Four companies announced their intention to manufacture their products locally in Egypt, starting with the Chinese company Vivo, one of the Chinese BBK Group companies, which launched its factory on an area of 11,000 square meters in the Tenth of Ramadan, with investments of $20m and increasing to about $30m within a year, with a production capacity close to 2 million phones.
In August, Etisal for Advanced Industries (EAI) announced its agreement with HMD, which owns the old brand “Nokia”, to manufacture about one million phones annually in the Egyptian market.
In September, the Chinese company, OPPO, announced its intention to establish a mobile factory in Egypt, with investments of $30m and a production capacity of 4.5 million phones annually. Thus, the company’s factory in Egypt is one of the company’s 10 factories around the world.

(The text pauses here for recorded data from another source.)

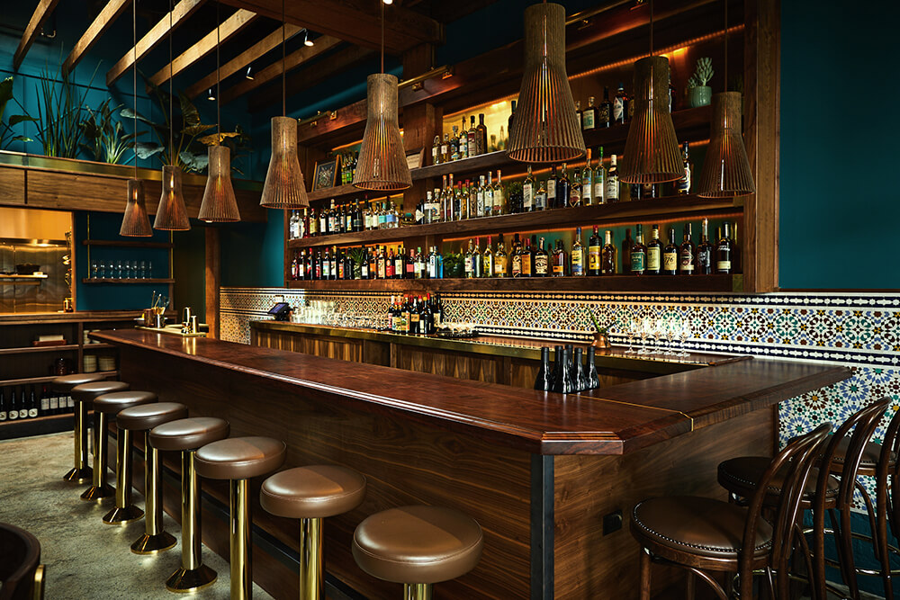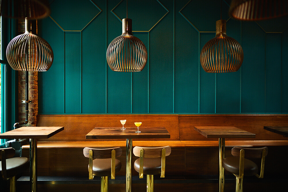 Owners Joe Sundberg, Rachel Johnson, and Patrick Thalasinos have opened their second restaurant on a small neighborhood street in Seattle. Rupee Bar, a follow up to the trio’s well-regarded restaurant Manolin-also designed in collaboration with Heliotrope Architects-was built entirely by the owners themselves. Inspired by the owners’ journeys to South Asia, Rupee Bar features a menu of Indian and Sri Lankan-inspired food and cocktails. The 700-square-foot intimate space seats 26 and brings two architectural gestures together to set the tone: color, and warm materiality. Color, a vibrant peacock green, is used to visually immerse guests within the setting and mentally transport them away from the typical gray skies of Seattle. Second, was to add a layer of warmth through the incorporation of natural material materials including wood and hand-crafted objects. Oregon walnut was chosen for its depth of color and richness. It monolithically tops the 9-seat bar and wraps the bar casework, adding a subtle nod of the Pacific Northwest into the mix. Polished brass is used for trim elements and is combined with leather for stool seating, while Indian clay tiles and slatted pendant lights add a further layer of visual interest. Together, these elements coalesce to create a holistic experience that accompanies the aromatic dishes and spiced cocktails.
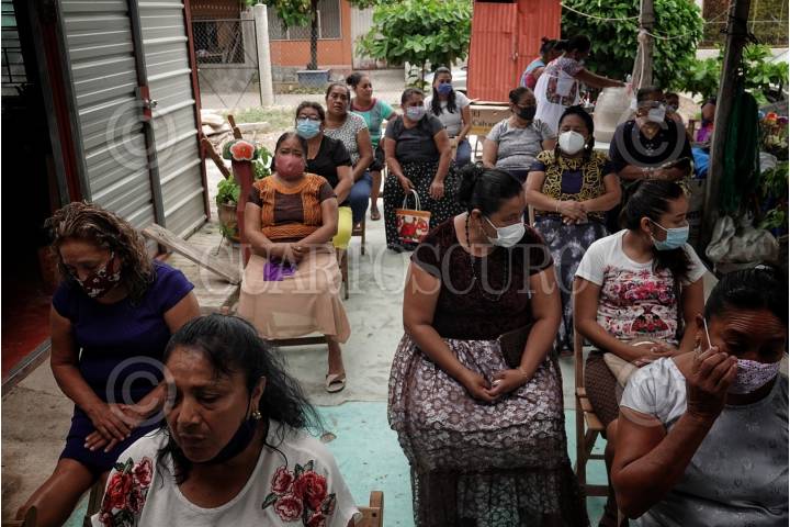JUCHITÁN, OAXACA, 18AGOSTO2020.- Tradicionalmente en Juchitán Zaragoza familiares y amigos conmemoran el primer año de fallecidas las personas, organizándose entre barrios para preparar comida, asistir a la misa en casa con un padre, repartir cazuelas con alimentos y bebidas para otras familias y escuchar música. La familia de Lazara tuvo que adaptarse a la conmemoración del primer año de fallecida de su madre la señora Cecilia a la nueva normalidad implementada como medida de sanidad por la crisis sanitaria global por el nuevo Coronavirus. Con un padre e invitados con cubrebocas y sugiriendo a los invitados retirarse después de la misa, se llevó a cabo pese pandemia en el barrio de la sección 7 de Juchitán, conocido como el más peligroso la conmemoración de Cecilia. FOTO: ANDREA MURCIA/CUARTOSCURO.COM
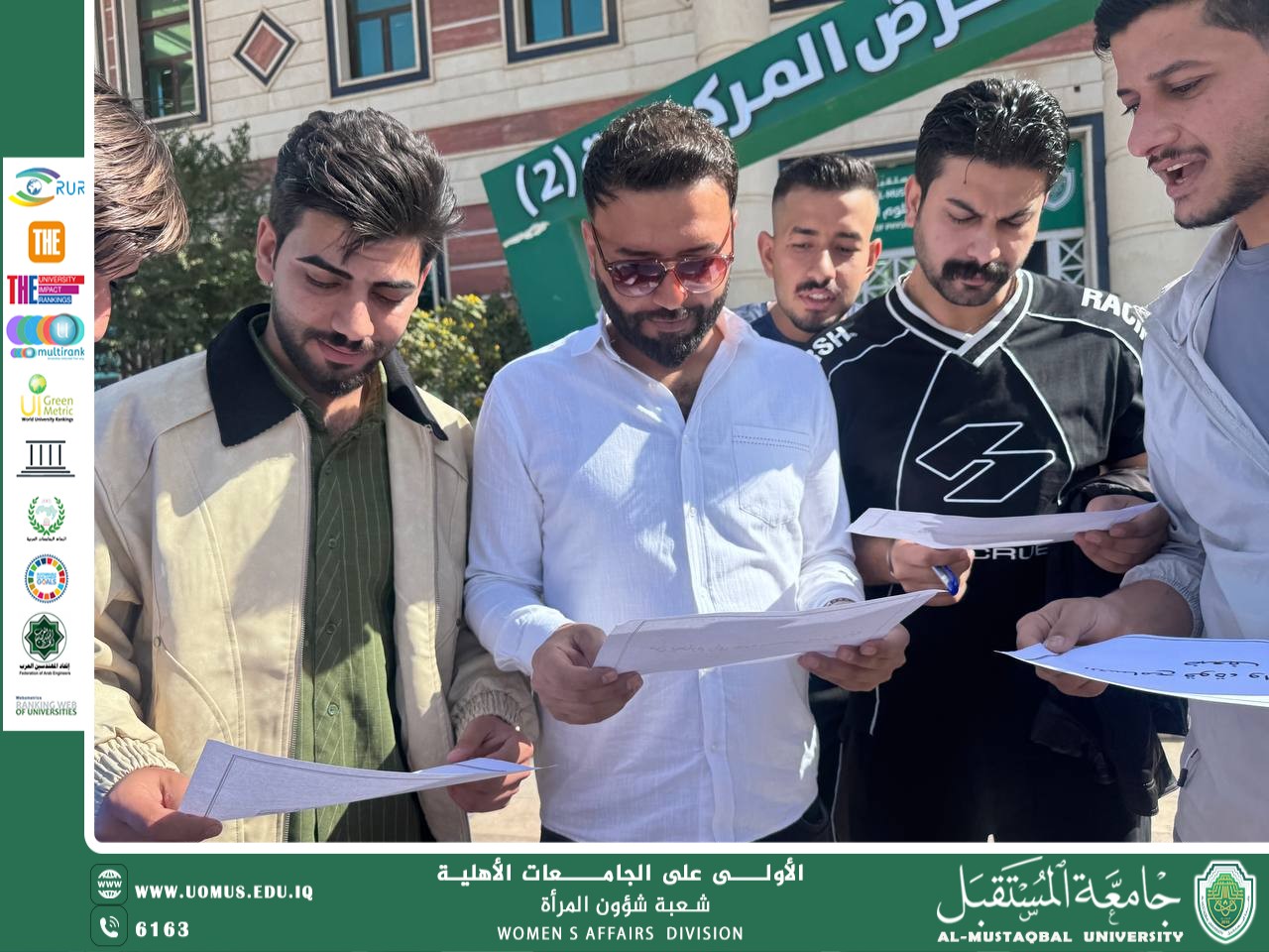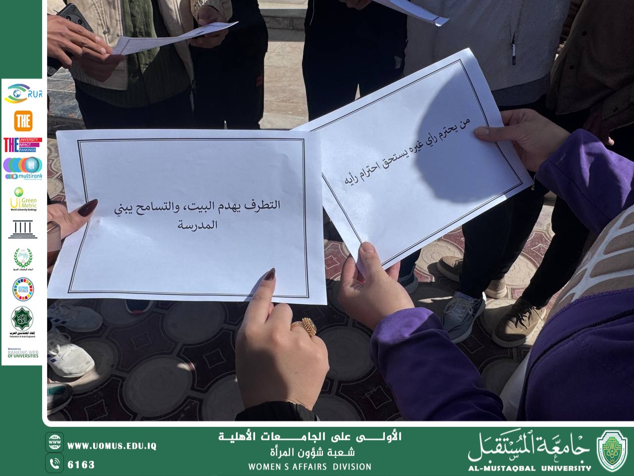 برعاية السيد رئيس جامعة المستقبل المحترم، نظّمت شعبة شؤون المرأة بالتعاون مع كلية التربية البدنية وعلوم الرياضة حملة توعوية بعنوان: (التطرّف يهدم البيت… والتسامح يبني المدرسة)،بتاريخ 16/2/2026 قام بها كل من الأستاذة ضي سالم، والأستاذة آية أنس،وذلك ضمن أنشطتها الهادفة إلى نشر ثقافة التسامح ونبذ التطرف، وتنفيذاً لمحاور الخطة الاستراتيجية الوطنية لمناهضة العنف تجاة النساء والفتيات ..
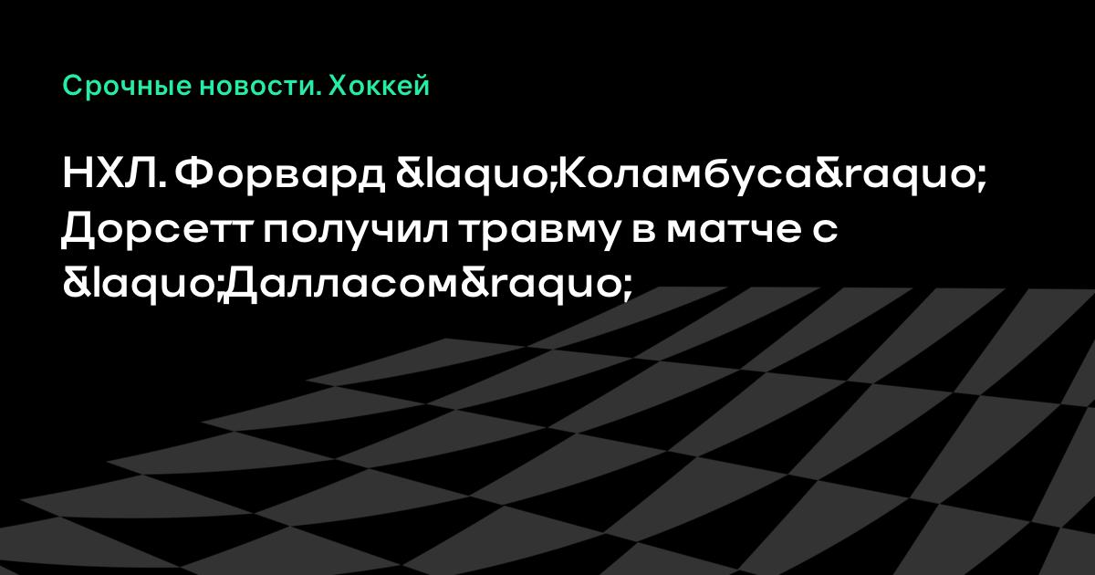 Нападающий «Коламбуса» Дерек Дорсетт получил травму в матче регулярного чемпионата НХЛ с «Далласом» (4:1). В первом периоде его грубо толкнул на борт форвард «Старс» Джеймс Нил. Дорсетт покинул площадку и больше на лед не выходил, информирует CP.
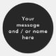 Adicione sua própria mensagem e nome, preto e branco, adesivo redondo clássico personalizado moderno simples. Criado por Thisisnotme©
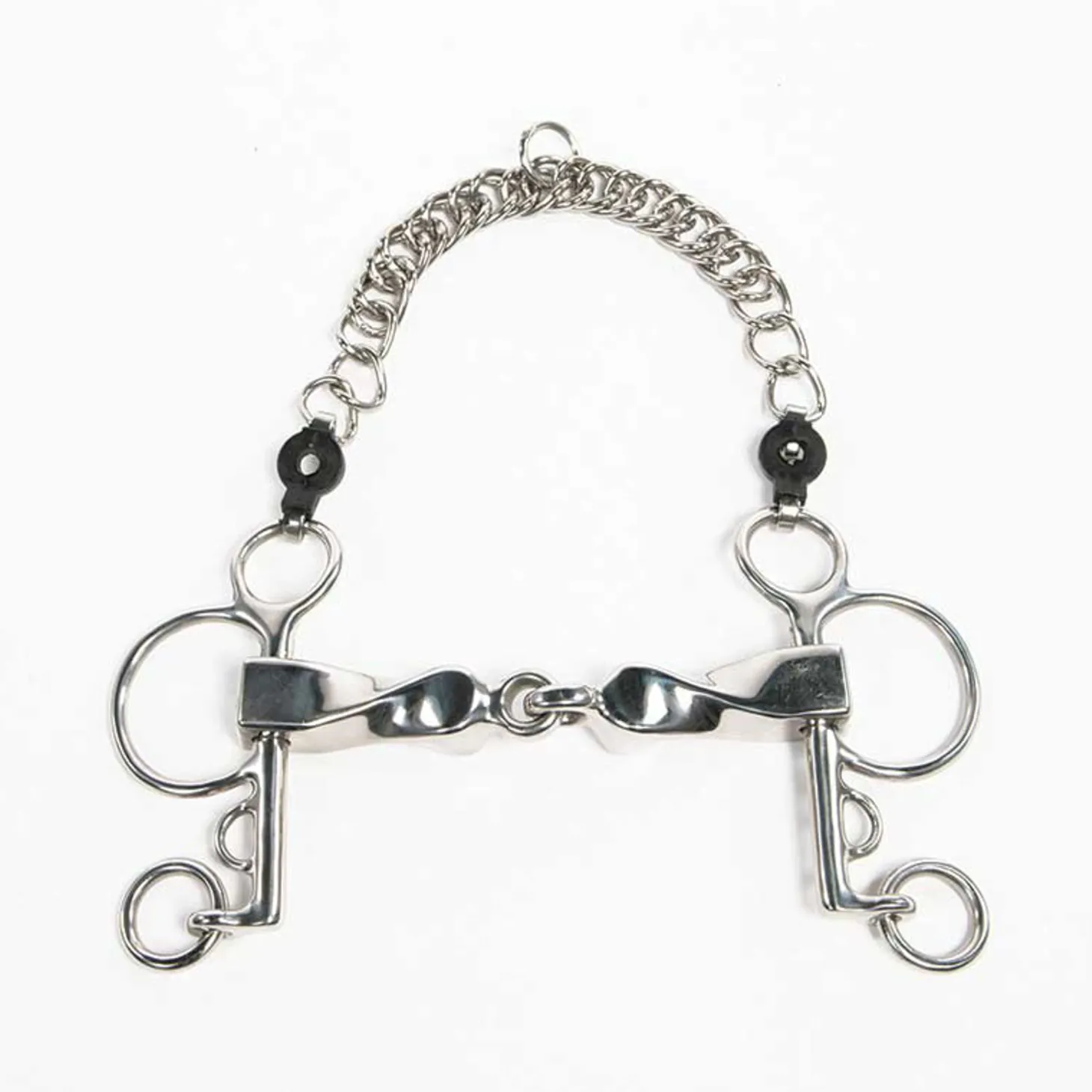 The Metalab Jointed Twisted Short Lever Pelham is a Level 4 bit. Made of stainless steel, it features a 5 1/4″ large, twisted mouth.
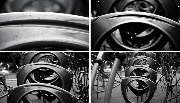 The set of four images in this articles header illustrate how the same aperture setting (all of them at f/2.8) can create a different depth of field. The closer the camera is to the subject, the less is in focus behind the subject. As we pull back you start to see that more and more of the playground rings are in focus.
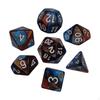 - Polyedriskt tärningsset: Innehåller 7 olika tärningar, D4, D6, D8, D10 (Nummer 0-9), D10 (Siffror 00-90), D12 och D20.
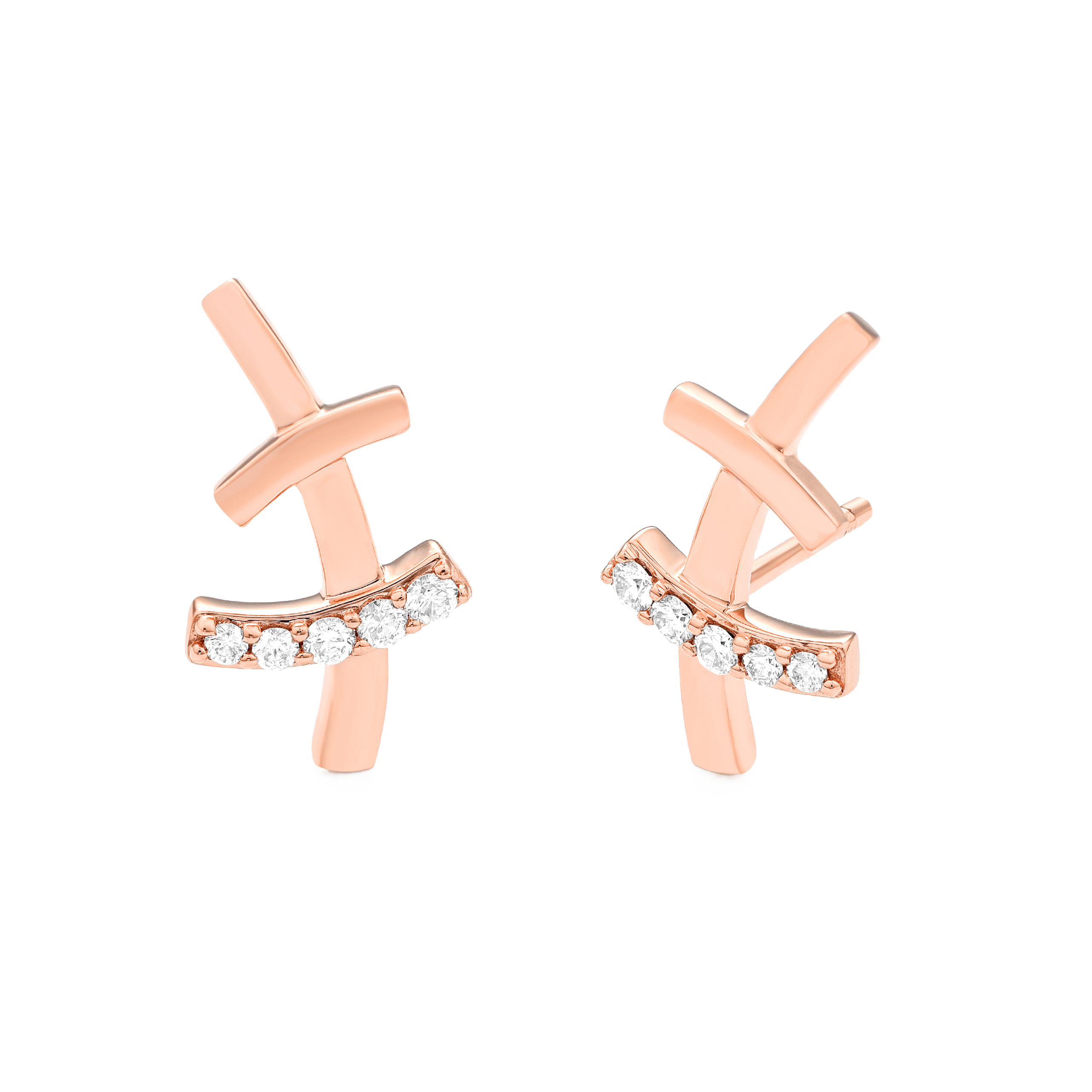 18K rose gold earring, diamond color GH, clarity SI 0.23 ct, 10 stones, pressure clasp
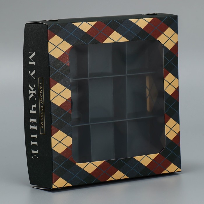 Коробка для конфет, кондитерская упаковка, 9 ячеек, «Самому лучшему мужчине», 14.7 х 14.7 х 3.5 см
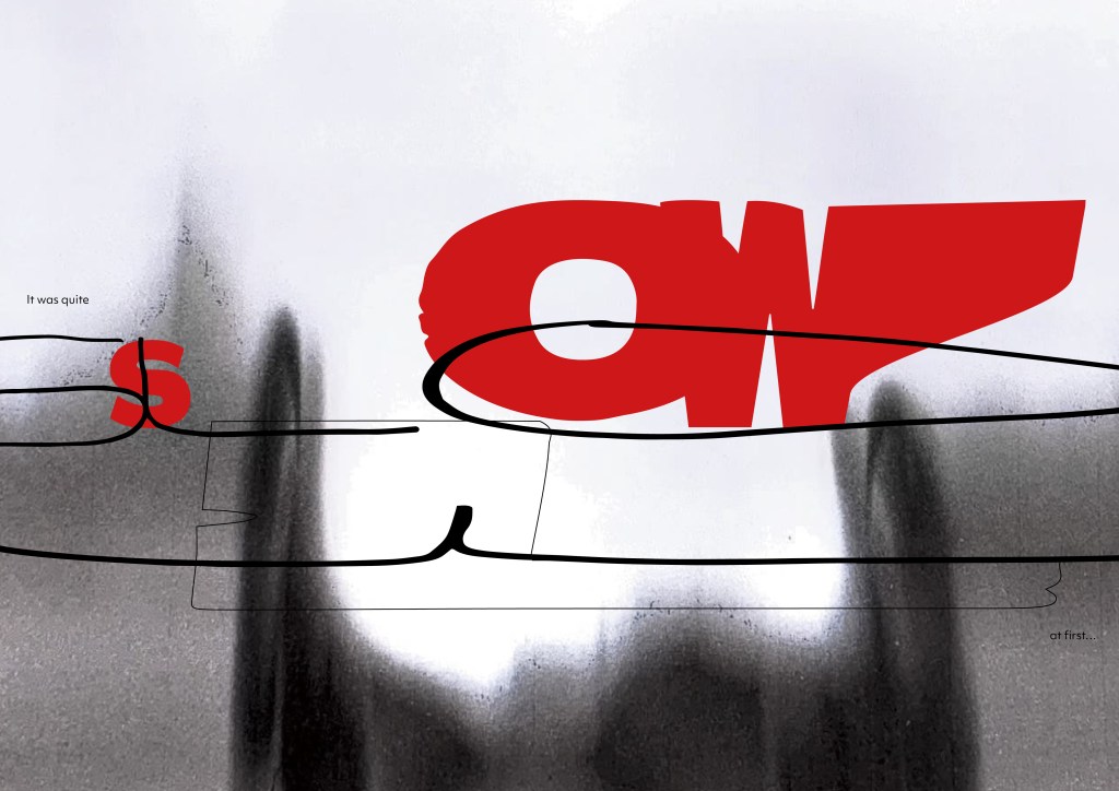 In the above experiments I am really pleased with how they are working. I have continued to work with no colour as it just doesn’t seem to work / looks clumsy. I experimented with a texture in colour before but I am not sure what it’s purpose was? I think if colour was to work if would be within the text and jump out? At the moment I don’t see the need for colour? the expressive use of type gives of emotion and tension in areas.
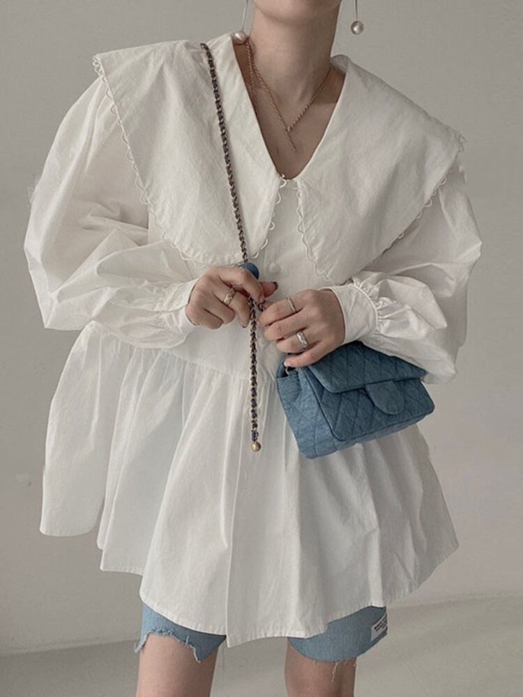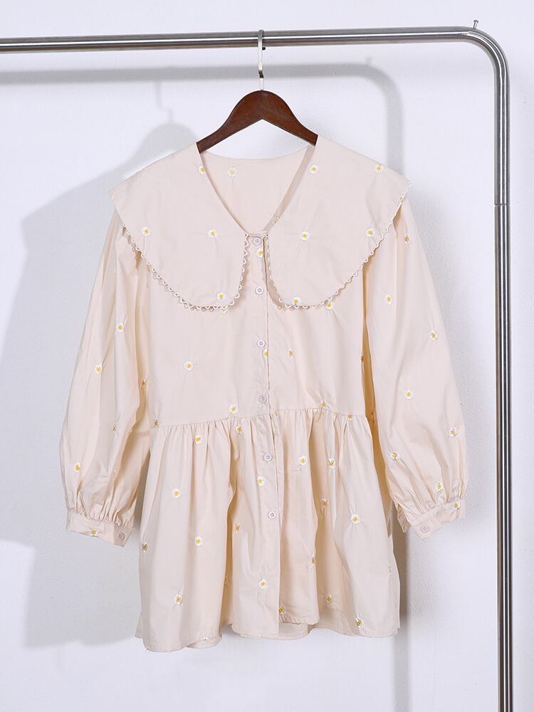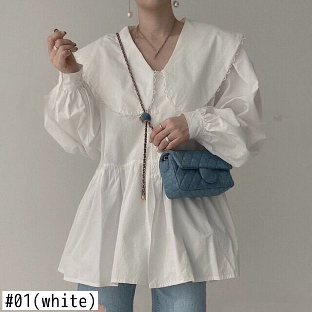[EWQ] ピーターパン襟中空アウト刺繍ひだルーズパフスリーブシャツ春ブラウス 16T586 スプリング 春物

Samsung manufactures some of its mobile devices in its factory in Beni Suef for a trial period.
For his part, a source in the mobile market said that the market is suffering because of the inability to provide mobile devices due to the suspension of imports.
The source, who preferred not to be named, explained that the import has been suspended since last March, and even the periods of recovery in the introduction of imported goods did not include an appropriate amount of mobile shipments, which caused a shortage in the products available in the market.
He added that the rise in the price of the dollar, the difficulty of saving it, and the cessation of imports caused the prices of mobile devices to double, noting that most of the devices available in the market did not enter normally through importers.